| What to work on |
Copy the records exactly, leaving out every picture.

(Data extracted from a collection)
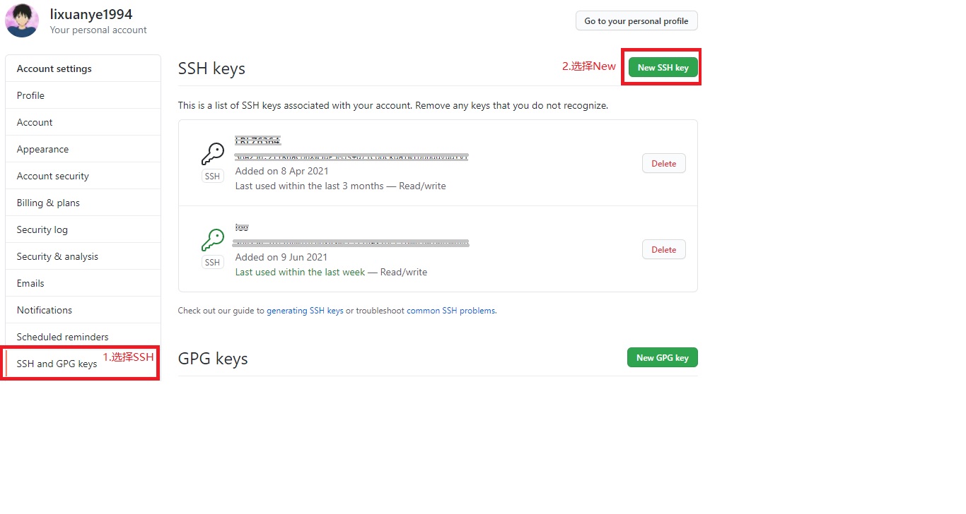 为什么要配置这个呢?因为你提交代码肯定要拥有你的github权限才可以,但是直接使用用户名和密码太不安全了,所以我们使用ssh key来解决本地和服务器的连接问题。
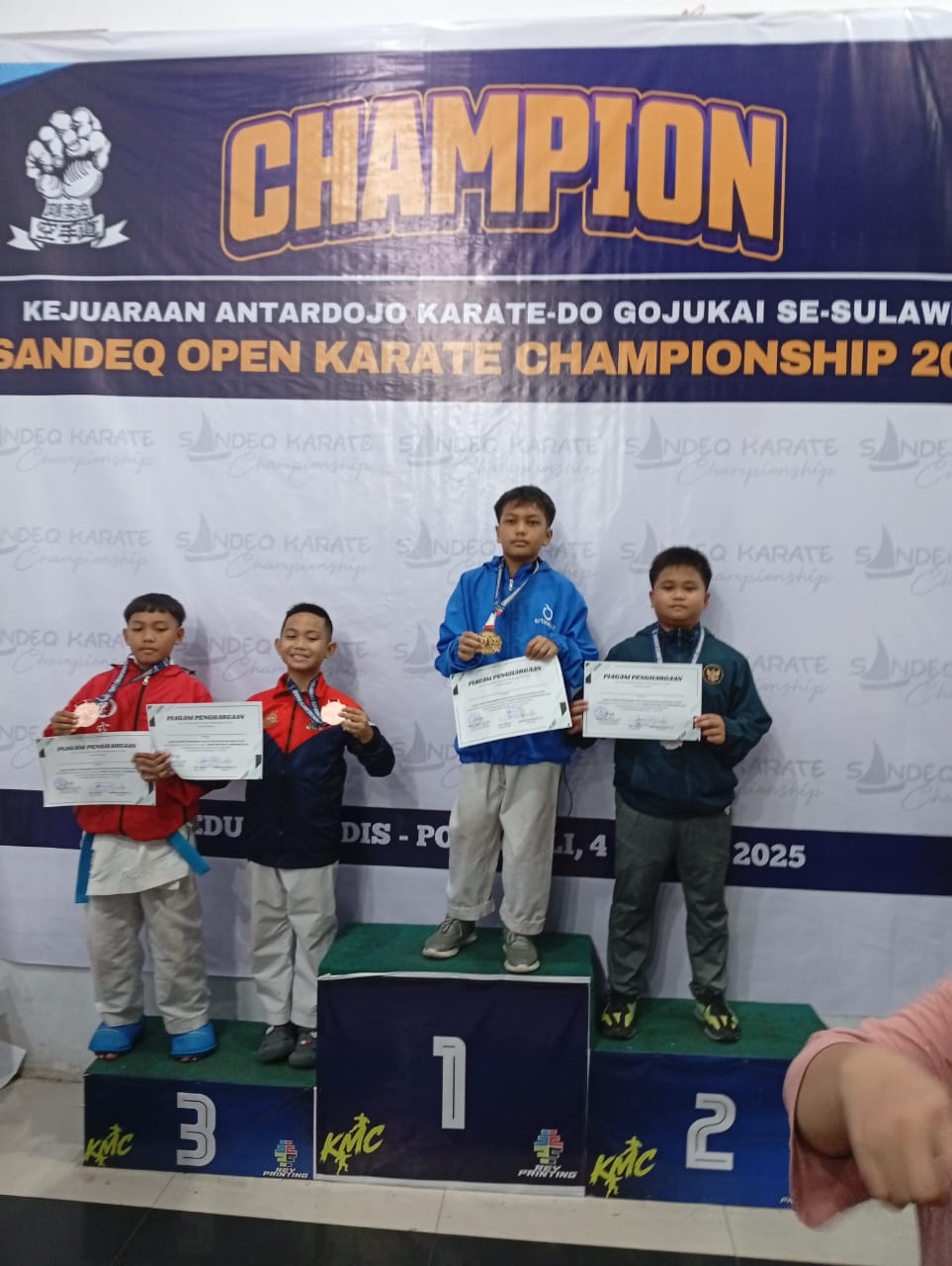 POLMAN, TEKAPE.co – Karateka belia asal Kabupaten Luwu, Sulawesi Selatan, Muh Abid Arbi Arsyad, menambah koleksi prestasinya di arena tatami. Dalam ajang Sandeq Open Karate Championship 2025 yang berlangsung di Polewali Mandar, Sulawesi Barat, Abid Arbi Arsyad keluar sebagai juara pertama di kelas kumite perorangan putra +35 kg pra pemula.
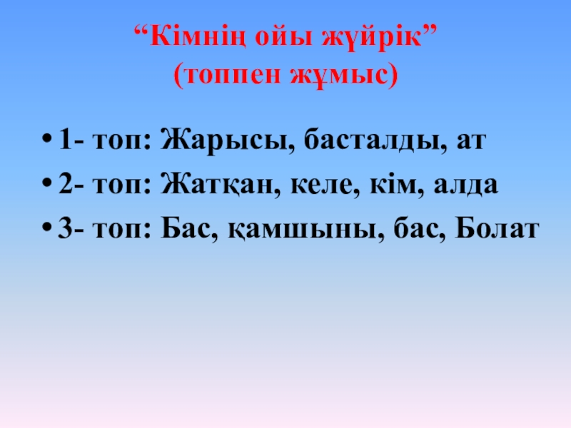 “Кімнің ойы жүйрік” (топпен жұмыс)1- топ: Жарысы, басталды, ат2- топ: Жатқан, келе, кім, алда3- топ: Бас, қамшыны,
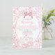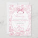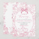 Chinoiserie Baby Is Brewing Tea Invitation, Pink Bow Floral Chinoiserie Teacup Baby Shower, Pink Toile De Jouy Afternoon Tea Baby Shower
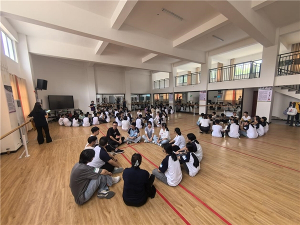 专题讲座结束后,群雁服务队于当日下午在学校体育馆组织高一新生学生开展户外团体实践活动。在唐可人狮姐的带领下,活动围绕 “协作力培养”“自信心建立” 设计多项团体游戏,在专业引导与安全保障下,学生们以小组为单位参与活动。过程中,原本严肃的活动氛围逐渐转变为轻松活跃的互动场景,学生们逐步放下拘谨,积极投入协作与交流,在完成任务的过程中收获快乐,增强团队意识与自我认同,深刻体会到社会公益力量带来的温暖与支持,进一步强化了对 “社会大家庭” 的归属感。
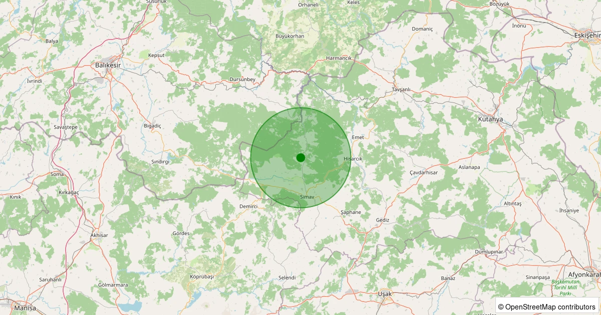 Son 7 gün içinde Simav - Yeniler Köyü noktasından 100 km yarıçap içerisinde meydana gelen diğer depremler:
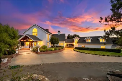 Exquisite Custom Estate with Panoramic Views in Prestigious La Cresta. Discover one of the most extraordinary homes currently available in Murrieta, offering over 6,400 sq ft of refined luxury on more than 5 acres, nestled in the highly coveted La Cresta community. Boasting 4 spacious bedrooms and 4.5 bathrooms, this exceptional property delivers the perfect blend of elegance, comfort, and functionality. Enter through a private, gated driveway to a grand double-door entrance, where you're welcomed by soaring ceilings and a dramatic foyer with rich finishes. The open-concept layout is designed to highlight the sweeping 180-degree views of the Murrieta and Temecula Valleys, visible from nearly every room in the home. Walls of windows and glass doors seamlessly connect the indoor living space to the stunning backyard oasis. Step outside to experience true resort-style living with a sparkling pool and spa, built-in custom BBQ island, and a private guest cabana complete with its own bathroom and shower, ideal for hosting or extended stays. Entertain, relax, and soak in all this property offers. The gourmet chef’s kitchen is a culinary masterpiece, complete with high-end stainless steel appliances, granite countertops, custom cabinetry, a large center island with seating, and walk-in pantry. Entertain with ease in the formal living and dining rooms, breakfast nook, and expansive family room, all showcasing incredible views. A fully-equipped custom bar, complete with sink and mini fridge, anchors the impressive game room featuring a billiards table, shuffleboard, and a temperature-controlled wine cellar. Downstairs includes two private ensuite bedrooms, one is currently utilized as a home office with a separate entrance. Upstairs, two additional ensuite bedrooms with walk-in closets. The luxurious primary suite is a true retreat- enjoy sunrises from your private balcony, unwind in the jetted tub, sauna, or massive walk-in shower, and enjoy the expansive walk-in closet with built-in cabinetry and an adjacent private gym. Additional features include an attached 4-car garage with built-in storage, central vacuum system, water softener, security system with cameras, and a solar power system. Set within one of Murrieta’s most sought-after communities, this property offers tranquility, privacy, and easy access to top-rated schools, shopping, dining, and the renowned Temecula wine country. This one-of-a-kind estate is a rare opportunity-schedule your private tour today!

| Solution to the exercise |
 为什么要配置这个呢?因为你提交代码肯定要拥有你的github权限才可以,但是直接使用用户名和密码太不安全了,所以我们使用ssh key来解决本地和服务器的连接问题。
 POLMAN, TEKAPE.co – Karateka belia asal Kabupaten Luwu, Sulawesi Selatan, Muh Abid Arbi Arsyad, menambah koleksi prestasinya di arena tatami. Dalam ajang Sandeq Open Karate Championship 2025 yang berlangsung di Polewali Mandar, Sulawesi Barat, Abid Arbi Arsyad keluar sebagai juara pertama di kelas kumite perorangan putra +35 kg pra pemula.
 “Кімнің ойы жүйрік” (топпен жұмыс)1- топ: Жарысы, басталды, ат2- топ: Жатқан, келе, кім, алда3- топ: Бас, қамшыны,
 Chinoiserie Baby Is Brewing Tea Invitation, Pink Bow Floral Chinoiserie Teacup Baby Shower, Pink Toile De Jouy Afternoon Tea Baby Shower
 专题讲座结束后,群雁服务队于当日下午在学校体育馆组织高一新生学生开展户外团体实践活动。在唐可人狮姐的带领下,活动围绕 “协作力培养”“自信心建立” 设计多项团体游戏,在专业引导与安全保障下,学生们以小组为单位参与活动。过程中,原本严肃的活动氛围逐渐转变为轻松活跃的互动场景,学生们逐步放下拘谨,积极投入协作与交流,在完成任务的过程中收获快乐,增强团队意识与自我认同,深刻体会到社会公益力量带来的温暖与支持,进一步强化了对 “社会大家庭” 的归属感。
 Son 7 gün içinde Simav - Yeniler Köyü noktasından 100 km yarıçap içerisinde meydana gelen diğer depremler:
 Exquisite Custom Estate with Panoramic Views in Prestigious La Cresta. Discover one of the most extraordinary homes currently available in Murrieta, offering over 6,400 sq ft of refined luxury on more than 5 acres, nestled in the highly coveted La Cresta community. Boasting 4 spacious bedrooms and 4.5 bathrooms, this exceptional property delivers the perfect blend of elegance, comfort, and functionality. Enter through a private, gated driveway to a grand double-door entrance, where you're welcomed by soaring ceilings and a dramatic foyer with rich finishes. The open-concept layout is designed to highlight the sweeping 180-degree views of the Murrieta and Temecula Valleys, visible from nearly every room in the home. Walls of windows and glass doors seamlessly connect the indoor living space to the stunning backyard oasis. Step outside to experience true resort-style living with a sparkling pool and spa, built-in custom BBQ island, and a private guest cabana complete with its own bathroom and shower, ideal for hosting or extended stays. Entertain, relax, and soak in all this property offers. The gourmet chef’s kitchen is a culinary masterpiece, complete with high-end stainless steel appliances, granite countertops, custom cabinetry, a large center island with seating, and walk-in pantry. Entertain with ease in the formal living and dining rooms, breakfast nook, and expansive family room, all showcasing incredible views. A fully-equipped custom bar, complete with sink and mini fridge, anchors the impressive game room featuring a billiards table, shuffleboard, and a temperature-controlled wine cellar. Downstairs includes two private ensuite bedrooms, one is currently utilized as a home office with a separate entrance. Upstairs, two additional ensuite bedrooms with walk-in closets. The luxurious primary suite is a true retreat- enjoy sunrises from your private balcony, unwind in the jetted tub, sauna, or massive walk-in shower, and enjoy the expansive walk-in closet with built-in cabinetry and an adjacent private gym. Additional features include an attached 4-car garage with built-in storage, central vacuum system, water softener, security system with cameras, and a solar power system. Set within one of Murrieta’s most sought-after communities, this property offers tranquility, privacy, and easy access to top-rated schools, shopping, dining, and the renowned Temecula wine country. This one-of-a-kind estate is a rare opportunity-schedule your private tour today!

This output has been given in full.